Verkauft sich die Switch gut, kommen automatisch die Third Party Entwickler und bringen ihre Spiele auf Nintendos Konsole. Es besteht eine Interdependenz, also eine wechselseitige Abhängikeit, zwischen dem Absatz der Konsole und der Unterstützung der Spielehersteller, die Nintendo vor ein Problem stellt. Einerseits braucht Nintendo externe Entwickler, damit regelmäßig Spiele erscheinen und die Switch als Spieleplattform attraktiv wird. Andererseits lohnt es sich für Entwickler nur die Switch zu unterstützen, wenn sie sich erfolgreich verkauft und für Spieler langfristig interessant bleibt. Das Beispiel der WiiU zeigt, dass Nintendos Titel alleine nicht ausreichen, um genügend Einheiten abzusetzen. Gute exklusive Spiele gab es auf ihr nämlich einige. Es zeigt ebenso, dass Ports von bereits veröffentlichen Spielen, die Konsole nicht attraktiv für potenzielle Käufer erscheinen lässt. Nintendo muss im ersten Jahr das Potenzial der Switch beweisen und eine solide Spielerbasis schaffen, die es für Third Party Entwickler lukrativ macht, Spiele für die Switch zu entwickeln. Des Weiteren muss sich das Konzept der Switch beweisen, damit sie nicht wie die WiiU von den meisten ignoriert oder wie die Wii nach einigen Monaten zum verstauben im Regal landet.

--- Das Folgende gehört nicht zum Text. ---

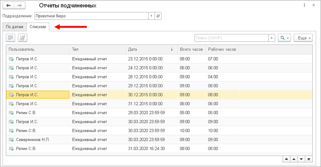 В списке Отчеты подчиненных теперь можно увидеть не только отчеты по дням, но и доступные руководителю отчеты списком с возможностью проверить, например, отчеты одного сотрудника за несколько дней.
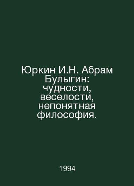 Yurkin I.N. Abram Bulygin: wonders, miracles, incomprehensible philosophy. In Russian /Yurkin I.N. Abram Bulygin: chudnosti, veselosti, neponyatnaya filosofiya. Tula Rarus. 1994. Contact us for details or to request photos of available books. Delivery of this book could take longer than normal due to additional handling time before shipping, and no rush delivery options are available. Please let us know if you have a specific date by which you need to receive your order.SKUalbad81ef574542eaea
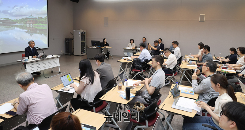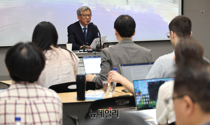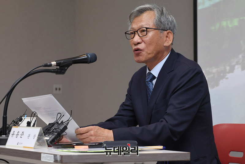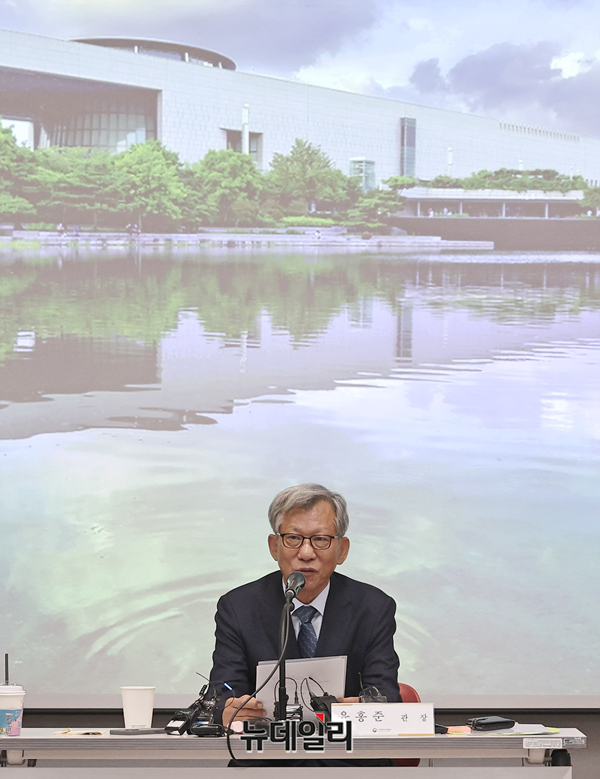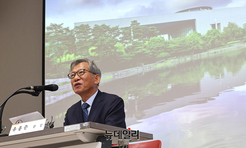 유홍준 신임 국립중앙박물관장이 24일 서울 용산구 국립중앙박물관에서 열린 기자간담회에서 박물관 비전을 발표하고 있다. 유 관장은 21일 취임식을 갖고 공식 업무를 시작했다.
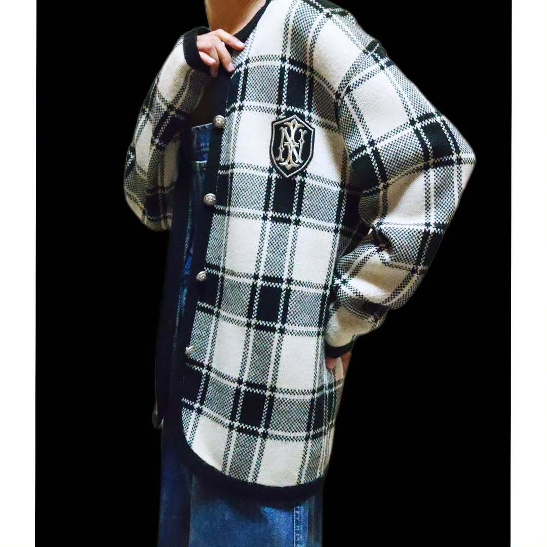 vintage plaid emblem knit cardigan
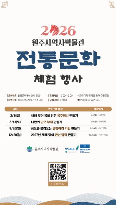 [파이낸셜경제=조성환 기자] 원주시역사박물관은 새해를 맞아 ‘2026 전통문화 체험 행사’를 운영한다.
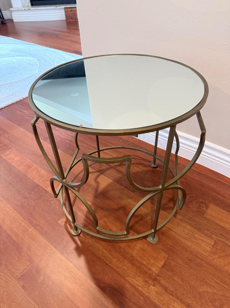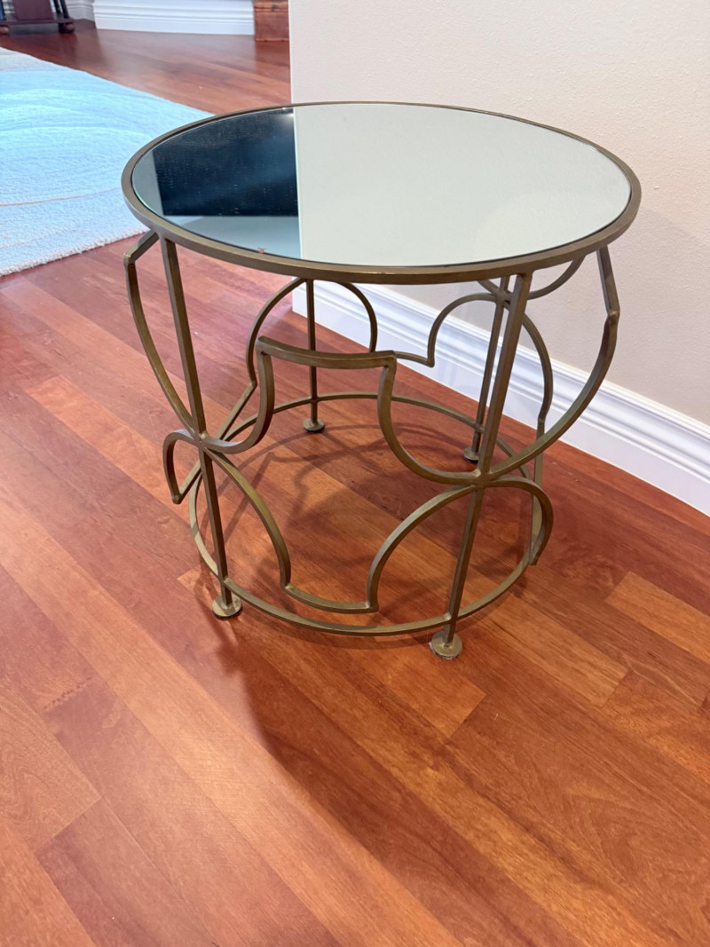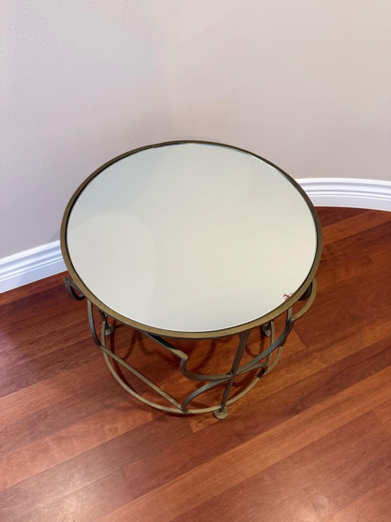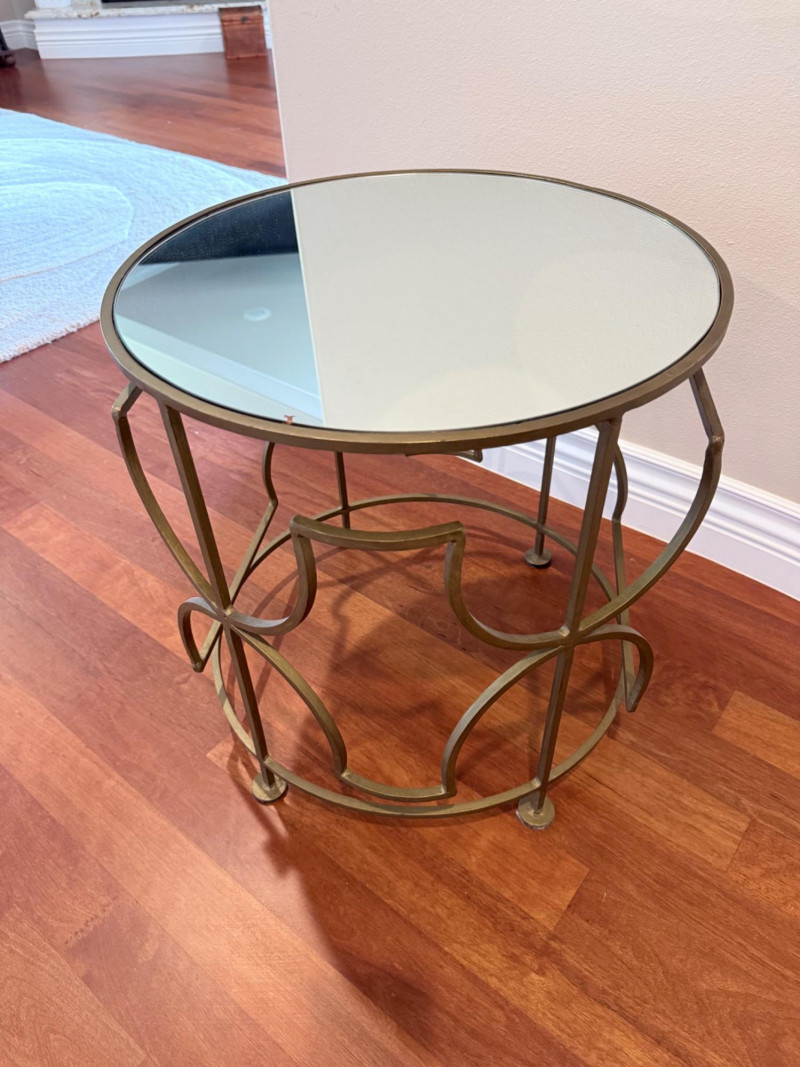 Lot # 94 - Round Gold-Tone Metal Side Table with Mirrored Top

Switch in einer Reihe mit Xbox und PlayStation

Wichtiger als zum Launch Ports alter Titel, die bereits jeder gespielt hat zu haben, ist es für den Erfolg der Nintendo Switch, dass sie bei Neuankündigungen auf der E3 usw. in einer Reihe mit Xbox One und PS4 genannt wird. Auch wenn die Switch Version dann optisch nicht mit den beiden Konkurrenten mithalten kann, gibt es immer noch das Argument der Portabilität. Wenn die Switch dann bei den Grafikbombasten außen vor stehen bleibt, ist das zu verkraften, solange genug interessante Titel mit einem Release im gleichen Zeitraum wie bei den anderen Konsolen angekündigt werden.